Graphic by Lori Deaton

Last year, as part of a River Arts District development agreement, the railroad crossing at Lyman Street was upgraded so the trains would not have to sound their horns at night. When will the same be done for the Biltmore Avenue crossing in Biltmore Village?

The Biltmore Avenue crossing, like the Lyman Street crossing, lies at the end of Norfolk Southern’s railroad yard, so instead of just an occasional passing train, rail yard engines are frequently crossing back and forth, shuttling freight cars from track to track. In order to avoid blocking the intersection during heavy, daytime Biltmore traffic, Norfolk Southern does most of its shuttling late at night, when the street is empty. But engines still must sound their horns each time they cross the road.

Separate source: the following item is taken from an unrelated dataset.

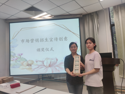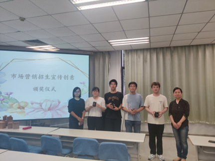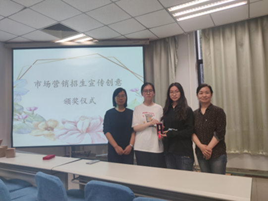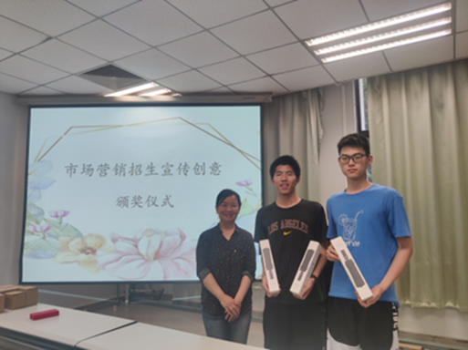 2023年5月31日下午,市场营销招生宣传创意颁奖仪式在一楼导播厅举行。首先,市场营销系主任万宇艳老师向提交策划案的同学表示感谢,通过此次创意征集,学院感受到了同学们建设专业的积极性与创造力,我们对市场营销专业未来的发展充满信心。其次,她向同学们介绍了市场营销专业宣传片的拍摄进展情况。最后,由万宇艳老师和杨柳燕老师共同为获奖同学颁发奖品,希望同学们能够砥砺奋进,与市场营销专业共同进步!

These horns are not the nostalgic whistles of the steam era. Modern diesel locomotive air horns make commercial truckers’ horns sound like “little Nash Ramblers” by comparison. For most people living within half a mile of the Biltmore crossing, especially in older homes without triple-pane glass and air conditioning, sleeping through the horn blasts is not an option. And they’re blasting often, all night long, including weekends and holidays. I’ve counted as many as 22 horn blasts during a single half-hour period between 3:30 and 4 a.m. Some engineers seem to try to be considerate by just briefly tapping their horns, while others must want to ensure that everyone is awakened.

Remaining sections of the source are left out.